DeepSeek's adoption of a hierarchy-free, flexible mechanism collaboration, recruitment standards that prioritize potential and curiosity over industry experience, and its widely respected open-source strategy are all related to this and amplify its potential.

Therefore, DeepSeek can adhere to a long-term strategic focus on "not doing applications, but focusing on large model research" at a time when the OpenAI route is prevalent. It can embrace a more efficient and open AI development path.

Part of the answer to why DeepSeek is successful lies therein.

03

"Greatness cannot be planned" also means that those contingencies and uniqueness should not be ignored.

Industry expert Yang Kuan said: "When OpenAI is indulging in violently stacking materials, the DeepSeek team is playing 'computing power Tetris' – squeezing the value of each CUDA core to four decimal places. In terms of hardware utilization, Silicon Valley utilizes GPU group communication loss technology to achieve 30%-40%, while DeepSeek utilizes self-developed MoE + dynamic routing algorithms to achieve 78%. This is not a technological gap, but a generational crushing of engineering thinking."

This is inseparable from the MLA architectural innovation proposed by the DeepSeek team, which reduces video memory occupancy to 5%-13% of traditional methods.

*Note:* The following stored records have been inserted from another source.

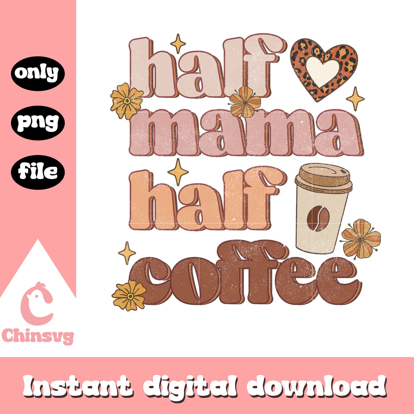 Half mama half coffee png is a product of our Mother's Day Svg collection. Featuring heartfelt quotes, floral designs, loving messages, and elegant typography, this collection is perfect for creating meaningful and personalized gifts. Whether you’re crafting t-shirts, mugs, greeting cards, or home decor, these high-quality designs will help make Mother’s Day extra special.
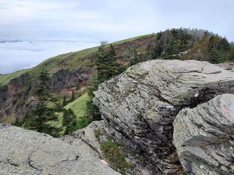 | 前日よりは霧が少なく、四阿山・根子岳が見え隠れする状態だった。天候の崩れが心配だったので先に四阿山に登ることにした。時々指す太陽の光が美しいシラカバ林の中を気持ち良く進み、途中からは針葉樹と大笹が茂り、ぬかるんだ道を注意しながら登った。四阿山山頂は山岳部の高校生など沢山の人達で賑わっていた。次の根子岳へは、濡れた木の根っこばかりの激下りが続いたが、鞍部まで来ると根子岳が美しい姿を見せてくれた。大笹に囲まれた登山道を進み、上部にある大岩を通り抜けると頂上に着いた。下りは遠くの景色を見ることが出来なかったが、あざやかな模様のクジャクチョウやひっそりと咲く花々が疲れを癒やしてくれた。 | |
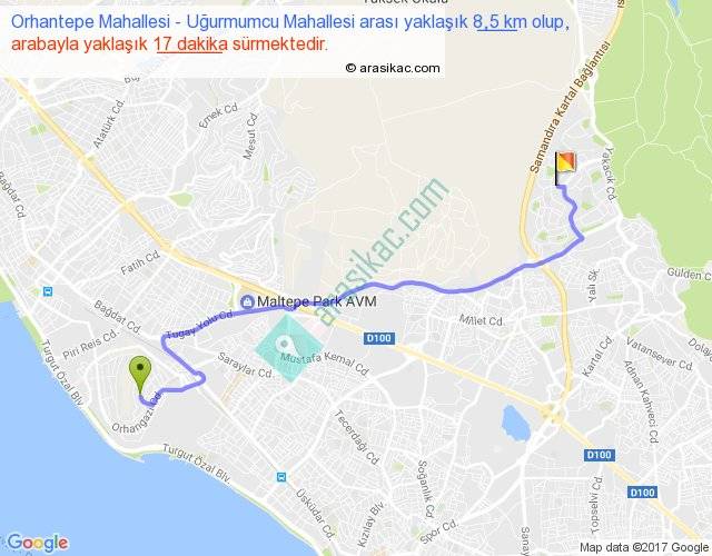 Orhantepe Mahallesi - Uğurmumcu Mahallesi arası yaklaşık olarak 90 km/h ile yukarıda belirtilen sürede olup, iki yerin kuş uçuşu uzaklığı (mesafesi) 6'dir. Yolculuk otobüsle 22 dakika sürmektedir.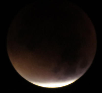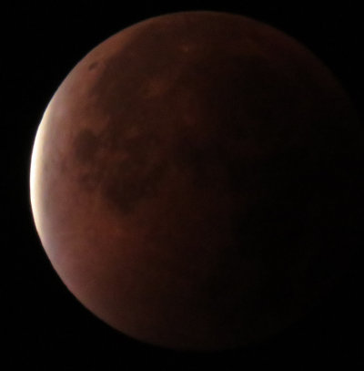 3:58 - Rotes Licht, dass durch die Erdatmosphäre in die Finsterniszone eingestreut wird, ist zu sehen.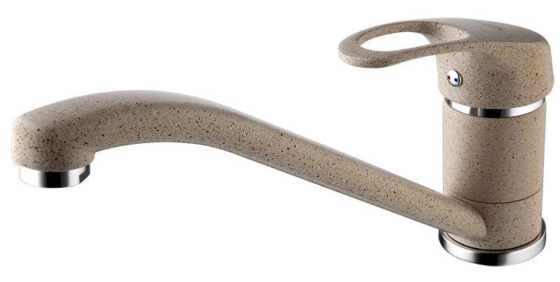 É compacto em design e não tem peças extras. Uma característica importante é a presença de um aerador e um cartucho cerâmico.Devido a eles, o dispositivo durará muitos anos e manterá a água limpa. Há também uma função de supressão de ruído instalada no aerador. Além disso, a torneira não vaza porque fecha bem.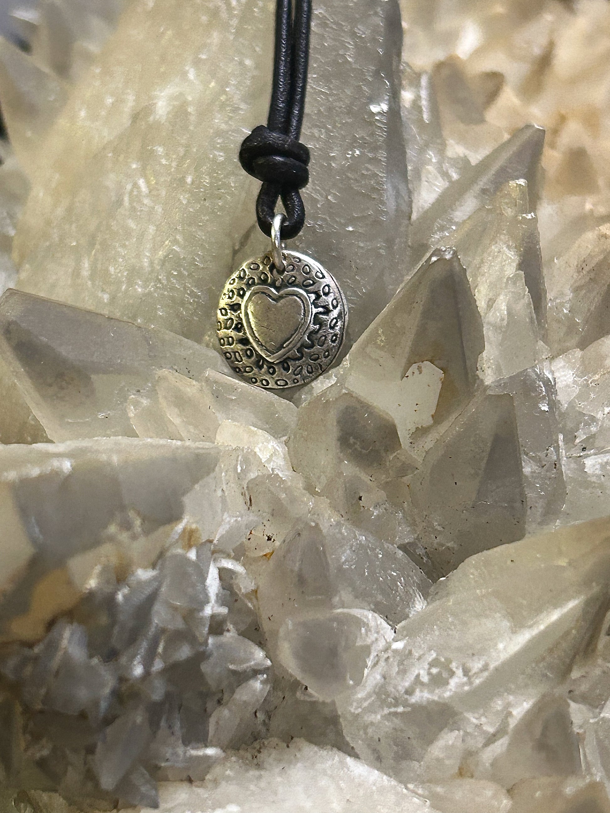Leather necklace with fine silver heart

Behind this is the sudden inspiration of a young researcher.

He also mentioned that Liang Wenfeng injected quantitative trading thinking into AI training: risk hedging (constructing an "investment portfolio" with multimodal data), high-frequency parameter tuning (optimizing hyperparameters every 2 hours under the industry standard of 72 hours/time), and dynamic stop-loss (automatically terminating inefficient training branches). This set of "Wall Street alchemy" makes each training session of DeepSeek feel like a speedrun of the technology tree in "Civilization VI".

This easily brings to mind the examples given by Kenneth Stanley and Joel Lehman in "Why Greatness Cannot Be Planned": the Wright brothers, who invented the airplane, were originally bicycle manufacturers; the vacuum tube was a foundational component of early computers, but its birth had nothing to do with computers...

Liang Wenfeng, who started his career in quantitative trading, has created an AI large model with superior "cost-effectiveness ratio," adding another case to this.

▲DeepSeek, which is called the "mysterious oriental force" by many foreigners, has a unique development path.

DeepSeek is also well-known for its open-source model: against the backdrop of OpenAI deviating from its original intentions and becoming CloseAI, DeepSeek has become a truly open AI; when OpenAI treats developers as "digital sharecroppers," DeepSeek uses open-source agreements to launch an "AI land revolution"... This is also where it shines.

This is also closely related to Liang Wenfeng's technical idealism. Someone else might have adopted Sam Altman's tactics to compete with rivals.

Liang Wenfeng said, "Innovation arises naturally, not through deliberate arrangement."

This is equivalent to patting Kenneth Stanley on the back and expressing agreement with him. Because Kenneth Stanley said: true greatness cannot be planned, and following curiosity step by step is the right path to achieving extraordinary things.

04

"Greatness cannot be planned," so those seemingly small seeds may also "blossom and stretch out new branches"; those explorations in marginal areas, peripheral regions, and hidden corners may also "create miracles with small forces."

Like foreign companies such as GAFA (Google, Apple, Facebook, Amazon) and NVIDIA, and domestic companies such as BAT, DeepSeek was not planned but grew in suitable soil.

Since innovation is the product of stimulating curiosity, activating creativity, and breaking away from path dependence, rather than a planned outcome, the proper care and incentive for innovation should not be a return to path dependence, but should provide a good institutional environment for curiosity and creativity, including an inclusive atmosphere and room for trial and error.

Currently, after DeepSeek's popularity, some reactions in the public opinion field are worth being vigilant about. Some of these reactions further lead to a path dependence on "planning." Specifically, they include:

First, importing DeepSeek's breakthroughs into a nationalist context, believing that it should be incorporated as the "AI national team" and strongly supported.

The "self-generated" DeepSeek does not need to be forced to grow prematurely; it only needs a climate and soil suitable for innovation.

A closer look will reveal that from "Black Myth: Wukong" to Unitree Technology's robot dog to DeepSeek's top-ranked large model in the StyleCtrl category, they were all born in Hangzhou.

This is not accidental. Generally speaking, a market with a solid foundation, many private enterprises, a strong innovation atmosphere, sufficient economic vitality, and broad development opportunities has a high probability of becoming a future technology center. They are all interconnected.

Respecting the market, encouraging innovation, embracing openness, and tolerating failure to cultivate a market ecology suitable for innovation may lead to the emergence of more enterprises – including small and medium-sized private enterprises – like DeepSeek.

On the other hand, interventions in the name of care and coercion under the pretext of responsibility may inhibit their vitality.

Second, pushing DeepSeek into the whirlpool of the great era with an attitude of "overthrowing Silicon Valley and challenging Wall Street" in the spirit of "Wow, my DS is amazing."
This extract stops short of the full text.